Another data capture device on the smart pen 100 are the one or
more microphones 220, which allow the smart pen 100 to receive data
using another input modality, audio capture. The microphones 220
may be used for recording audio, which may be synchronized to the
handwriting capture described above. In an embodiment, the one or
more microphones 220 are coupled to signal processing software
executed by the processor 245, or by a signal processor (not
shown), which removes noise created as the marker 205 moves across
a writing surface and/or noise created as the smart pen 100 touches
down to or lifts away from the writing surface. In an embodiment,
the processor 245 synchronizes captured written data with captured
audio data. For example, a conversation in a meeting may be
recorded using the microphones 220 while a user is taking notes
that are also being captured by the smart pen 100. Synchronizing
recorded audio and captured handwriting allows the smart pen 100 to
provide a coordinated response to a user request for previously
captured data. For example, responsive to a user request, such as a
written command, parameters for a command, a gesture with the smart
pen 100, a spoken command or a combination of written and spoken
commands, the smart pen 100 provides both audio output and visual
output to the user. The smart pen 100 may also provide haptic
feedback to the user. The use of microphones 220 for recording
audio in the smart pen 100 is discussed in more detail below.

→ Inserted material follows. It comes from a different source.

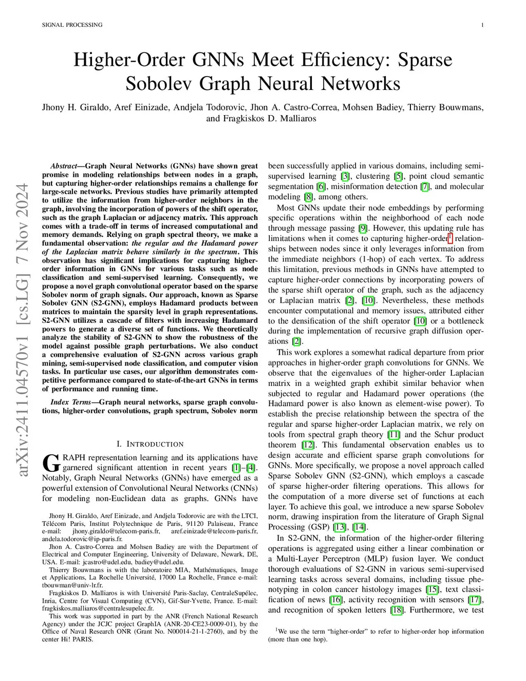 Graph Neural Networks (GNNs) have shown great promise in modeling relationships between nodes in a graph, but capturing higher-order relationships remains a challenge for large-scale networks. Previous studies have primarily attempted to utilize the information from higher-order neighbors in the graph, involving the incorporation of powers of the shift operator, such as the graph Laplacian or adjacency matrix. This approach comes with a trade-off in terms of increased computational and memory demands. Relying on graph spectral theory, we make a fundamental observation: the regular and the Hadamard power of the Laplacian matrix behave similarly in the spectrum. This observation has significant implications for capturing higher-order information in GNNs for various tasks such as node classification and semi-supervised learning. Consequently, we propose a novel graph convolutional operator based on the sparse Sobolev norm of graph signals. Our approach, known as Sparse Sobolev GNN (S2-GNN), employs Hadamard products between matrices to maintain the sparsity level in graph representations. S2-GNN utilizes a cascade of filters with increasing Hadamard powers to generate a diverse set of functions. We theoretically analyze the stability of S2-GNN to show the robustness of the model against possible graph perturbations. We also conduct a comprehensive evaluation of S2-GNN across various graph mining, semi-supervised node classification, and computer vision tasks. In particular use cases, our algorithm demonstrates competitive performance compared to state-of-the-art GNNs in terms of performance and running time.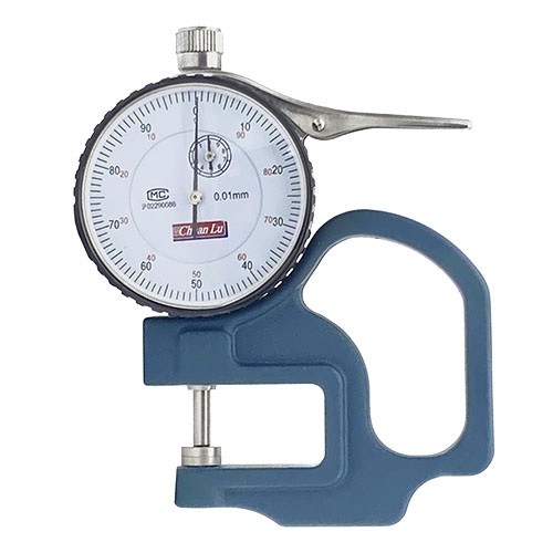 Індикаторний товщиномір – це вимірювальний інструмент, який використовують для контролю товщини паперу, поліетиленової плівки, текстилю, шкіри, фольги тощо. За допомогою індикатора дуже просто і швидко можна порівняти результати вимірів з еталоном. Діапазон виміру від 0 до 12,7 мм. Товщиномір виконаний у міцному металевому корпусі, зібраний якісно, повністю відсутні будь-які зазори та люфти.

In an alternative embodiment, one or more microphones may be
external to the smart pen 100 and communicate captured audio data
to the smart pen 100 via the audio jack 230 or via a wireless
interface. An example embodiment of an external microphone system
for use with the smart pen 100 is described in more detail below
with reference to FIG. 3.
The speaker 225, audio jack 230, and display 235 provide outputs to
the user of the smart pen 100 allowing presentation of data to the
user via one or more output modalities. The audio jack 230 may be
coupled to earphones so that a user may listen to the audio output
without disturbing those around the user, unlike with a speaker
225. The audio jack 230 may also be used as an input from external
microphones. Earphones may also allow a user to hear the audio
output in stereo or full three-dimensional audio that is enhanced
with spatial characteristics. Hence, the speaker 225 and audio jack
230 allow a user to receive data from the smart pen using a first
type of output modality by listening to audio played by the speaker
225 or the audio jack 230.
The display 235 may comprise any suitable display system for
providing visual feedback, such as an organic light emitting diode
(OLED) display, allowing the smart pen 100 to provide output using
a second output modality by visually displaying information. In
use, the smart pen 100 may use any of these output components to
communicate audio or visual feedback, allowing data to be provided
using multiple output modalities. For example, the speaker 225 and
audio jack 230 may communicate audio feedback (e.g., prompts,
commands, and system status) according to an application running on
the smart pen 100, and the display 235 may display word phrases,
static or dynamic images, or prompts as directed by such an
application. In addition, the speaker 225 and audio jack 230 may
also be used to play back audio data that has been recorded using
the microphones 220.
The input/output (I/O) port 240 allows communication between the
smart pen 100 and a computing system 120, as described above. In
one embodiment, the I/O port 240 comprises electrical contacts that
correspond to electrical contacts on the docking station 110, thus
making an electrical connection for data transfer when the smart
pen 100 is placed in the docking station 110. In another
embodiment, the I/O port 240 simply comprises a jack for receiving
a data cable (e.g., Mini-USB or Micro-USB). Alternatively, the I/O
port 240 may be replaced by a wireless communication circuit in the
smart pen 100 to allow wireless communication with the computing
system 120 (e.g., via Bluetooth, WiFi, infrared, or
ultrasonic).
A processor 245, onboard memory 250, and battery 255 (or any other
suitable power source) enable computing functionalities to be
performed at least in part on the smart pen 100. The processor 245
is coupled to the input and output devices and other components
described above, thereby enabling applications running on the smart
pen 100 to use those components. In one embodiment, the processor
245 comprises an ARM9 processor, and the onboard memory 250
comprises a small amount of random access memory (RAM) and a larger
amount of flash or other persistent memory. As a result, executable
applications can be stored and executed on the smart pen 100, and
recorded audio and handwriting can be stored on the smart pen 100,
either indefinitely or until offloaded from the smart pen 100 to a
computing system 120. For example, the smart pen 100 may locally
stores one or more content recognition algorithms, such as
character recognition or voice recognition, allowing the smart pen
100 to locally identify input from one or more input modality
received by the smart pen 100.
In an embodiment, the smart pen 100 also includes an operating
system or other software supporting one or more input modalities,
such as handwriting capture, audio capture or gesture capture, or
output modalities, such as audio playback or display of visual
data. The operating system or other software may support a
combination of input modalities and output modalities and manages
the combination, sequencing and transitioning between input
modalities (e.g., capturing written and/or spoken data as input)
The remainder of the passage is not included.